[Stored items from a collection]
○ ○ ○

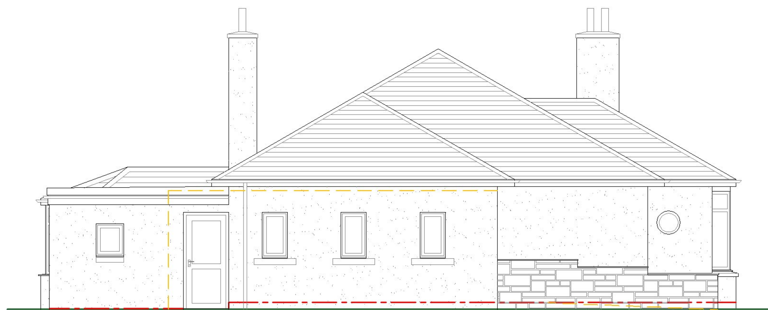
Existing South West Elevation (1:100)

ALL ELECTRICAL WORK TO BE CARRIED OUT IN STRICT ACCORDANCE WITH THE LATEST I.E.E REGULATIONS AND TO COMPLY WITH BS7671: 2008 'THE REQUIREMENTS FOR ELECTRICAL INSTALLATIONS'.
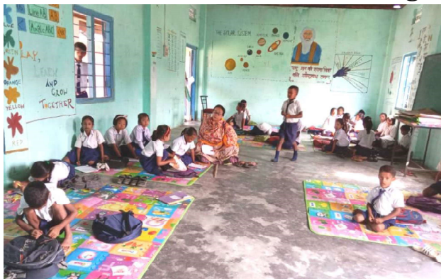
The piteous condition of the school came in the light when the volunteers of Democratic Students Alliance of Manipur (DESAM) want to inspect the school.

The scene has come out from Jirihat High school which is one of the government high school in Jiribam District. The school has no desks and benches for the students, so the pupils are bound to sit in the plastic mat for attending the classes along with the teacher. Which reminds us the ancient types of Gurukul education system in this modern age.
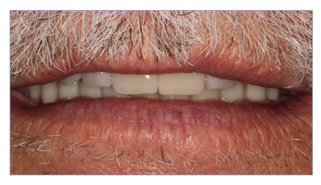
In the occlusal rest position, an optimum interplay was also visible between the lip line and incisal edges.

smile. Despite adaptation to the substructures, the denture teeth retained full shade fidelity. The chemically and shade-coordinated material mix of prefabricated teeth, cold-curing polymer and veneering composite was controlled during manual fabrication, which led to a highly esthetic result.
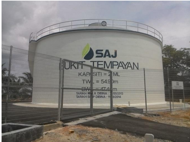
Package 1 - Construction And Completion of 2 ML Bukit Tempayan Reservoir And Associated Works

Proposed Sg. Rengit/Pengerang Distribution Improvement, Sg. Sayong Sludge Treatment Facility and Rehabilitation of Bukit Tempayan Reservoir, Batu Pahat.
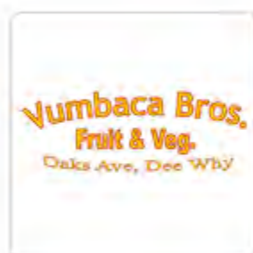
Vumbaca Fruit and Vegetables
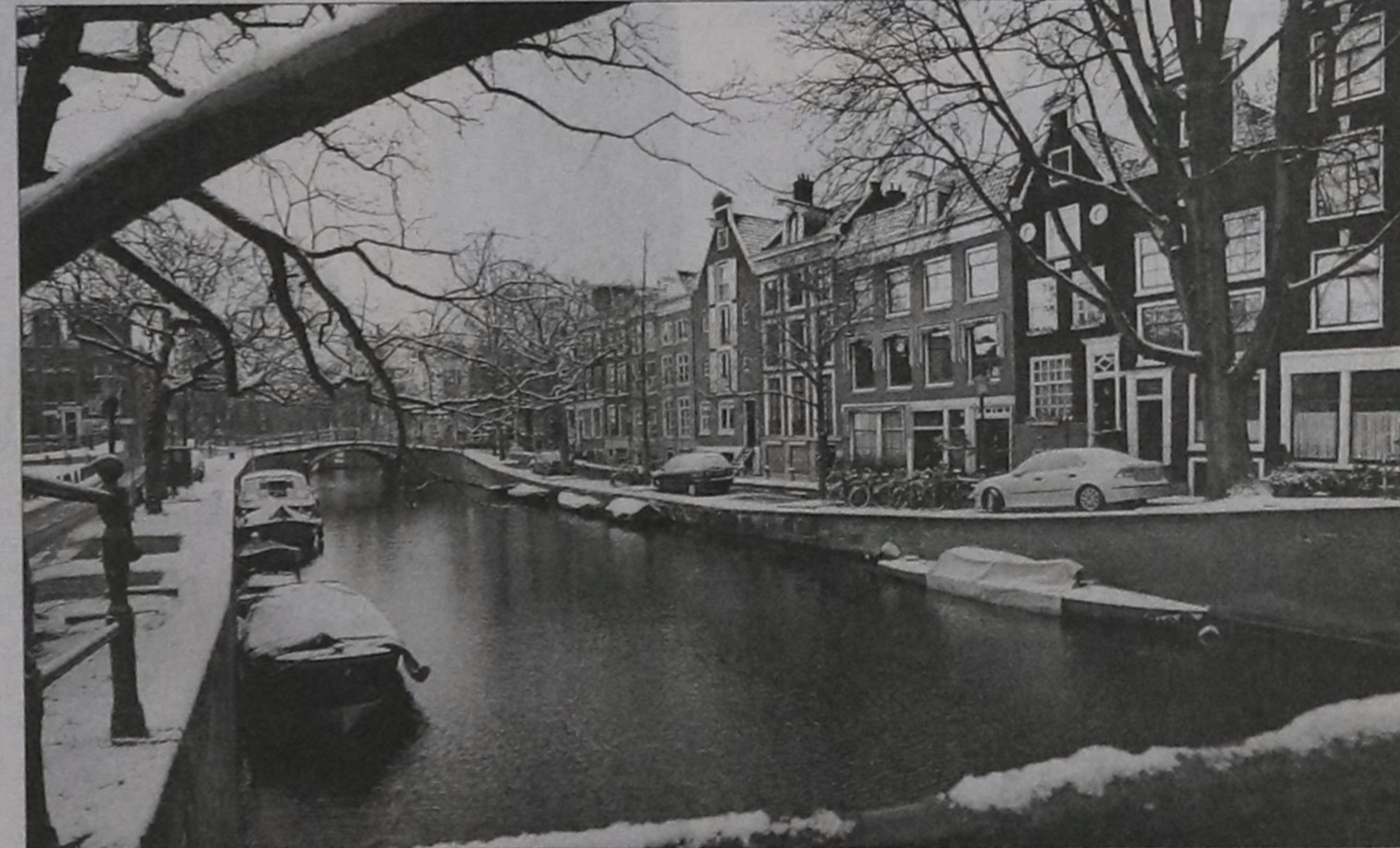
This photo taken on December 30, 2005 shows a view of snowed canals in the centre of Amsterdam.

Their new home has majestic wooden staircases, decorative mouldings and marble walls. But the carpets in the bedrooms are torn, some windows
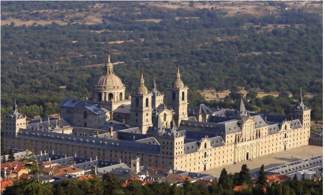
Monastery and Royal Residence of San Lorenzo del Escorial
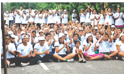
MNIT Marathon Girls Participants

❖ To mark the beginning of the Golden Jubilee year, a 'Mini-Marathon' was organized at MNIT Jaipur on Sunday August 26, 2012 with the message of 'Go Green' to create awareness about conservation of the
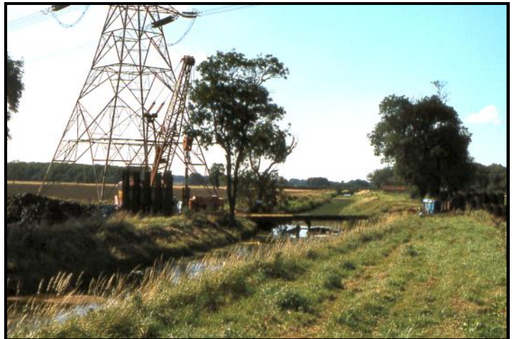
The gas pipeline being put under the Sleas above Haverholme Lock
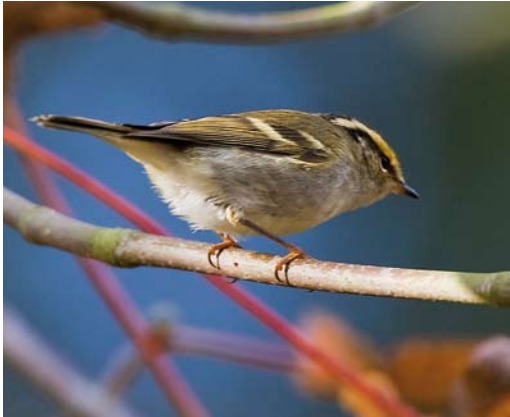
86 Pallas' Boszanger / Pallas's Warbler Phylloscopus proregulus , Ganzenhoek, Wassenaarse Slag, Zuid-Holland, 30 oktober 2010
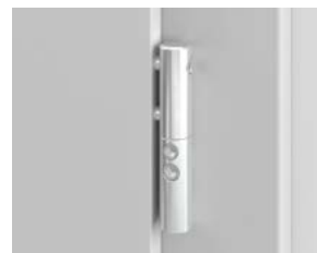
Ø16 drill-in hinges, 3D adjustable, zinc white, fitted to SOLID PLUS and SILENZIO 32/31/29 doors as standard
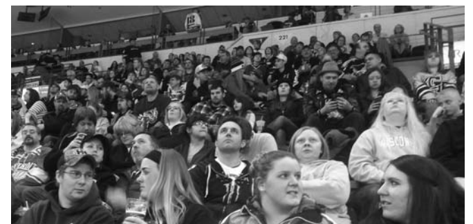
This year's YFA Gamblers outing took place on Saturday, January 24.

About 100 YFA members had a blast at the game and enjoyed pizza after at the Green Bay Distillery.
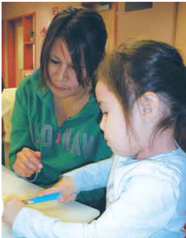
Making applesauce at the Dusk'a Learning Centre.

With the continued commitment to exercising self-government interests in K-12 education, Education will participate actively in planning for a KDFN Kindergarten. The department sees that while the new Dusk'a Head Start Family Learning Centre is the foundation for young children going on to Kindergarten, it is also the foundation for developing a KDFN Kindergarten in terms of programming, the integration of language and culture, community and family involvement, and the development of community capacity.
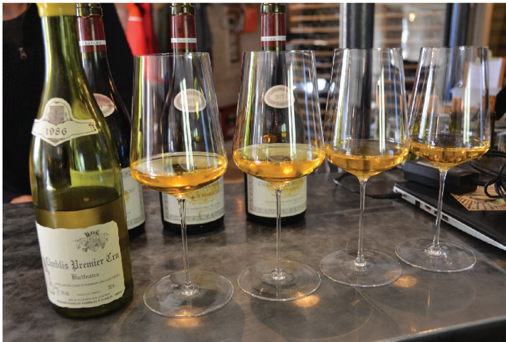
Chablis Premier Cru Butteaux
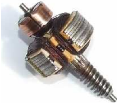
Short, N2 Fine www.mtrains.co.uk
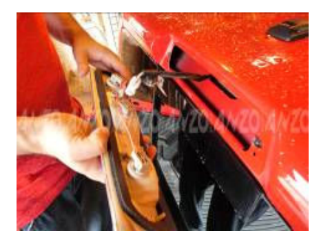
Step7: Twist the two cargo blubs into the new Anzo light.
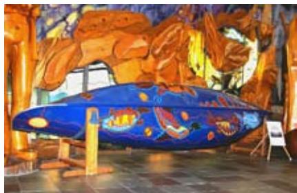
Canoe on display at Fort William Historical Park
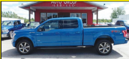
2015 F150 XLT 13k miles Stk. #7509 $37,995
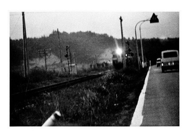
Daido Moriyama "Tsugaru", 2010 B & W print 28.3 x 41.8 cm
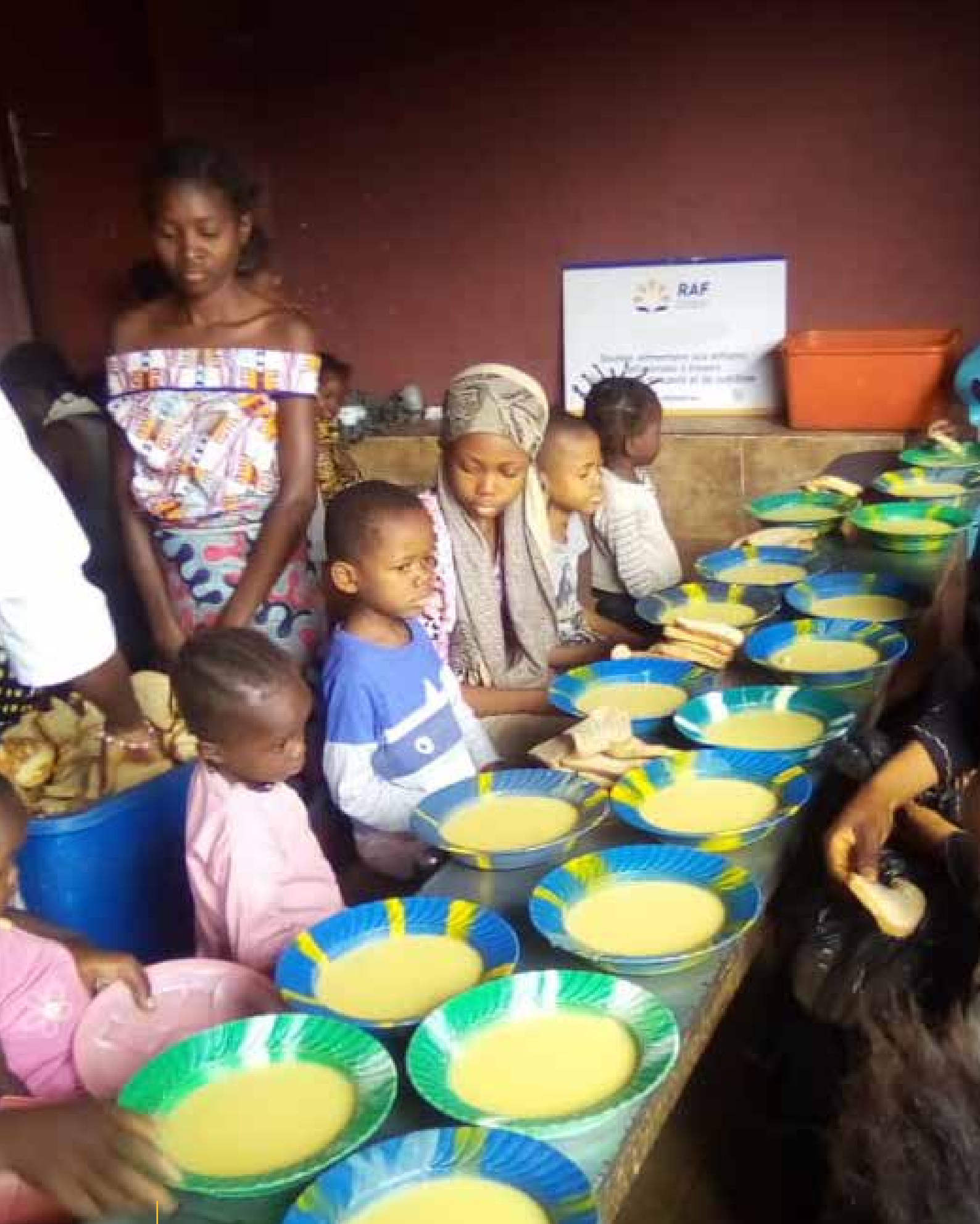
Children and caregivers eating a nutritious meal at the Center of Nutritionnel Soeur Veronique Natal, Mpsa (Nsele commune)
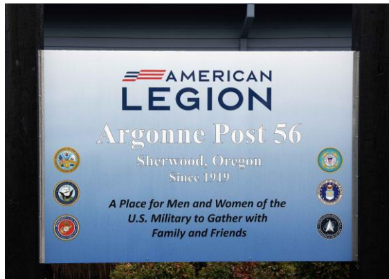
New Front Yard Sign
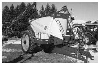
New Hardi Nav. 3000, 60' boom, super special, $32,500.
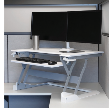
SHOWN WITH WORKFIT-TL SIT-STAND WORKSTATION

THE LOW-PROFILE MONITOR CROSS-BAR PROVIDES A COMPACT RANGE OF MOTION
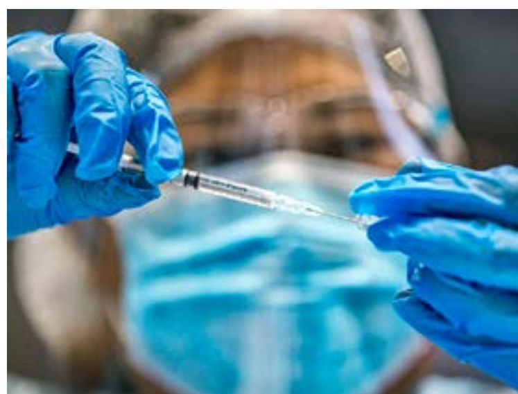
Broward College aims to prevent the spread of COVID-19 virus and additional strains through the Vaccine and Booster Shot Incentive program.

Vaccine incentives began in mid-August of 2021, while the vaccine booster incentive
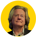
PROFESSOR A C GRAYLING CBE the philosopher and author, discussing democracy

○ ○ ○

Print nothing but the lines above starting with the line that contains "This photo taken" and going on through the line that contains "MNIT Marathon Girls Participants". Leave out the pictures.

This photo taken on December 30, 2005 shows a view of snowed canals in the centre of Amsterdam.

Their new home has majestic wooden staircases, decorative mouldings and marble walls. But the carpets in the bedrooms are torn, some windows
Monastery and Royal Residence of San Lorenzo del Escorial
MNIT Marathon Girls Participants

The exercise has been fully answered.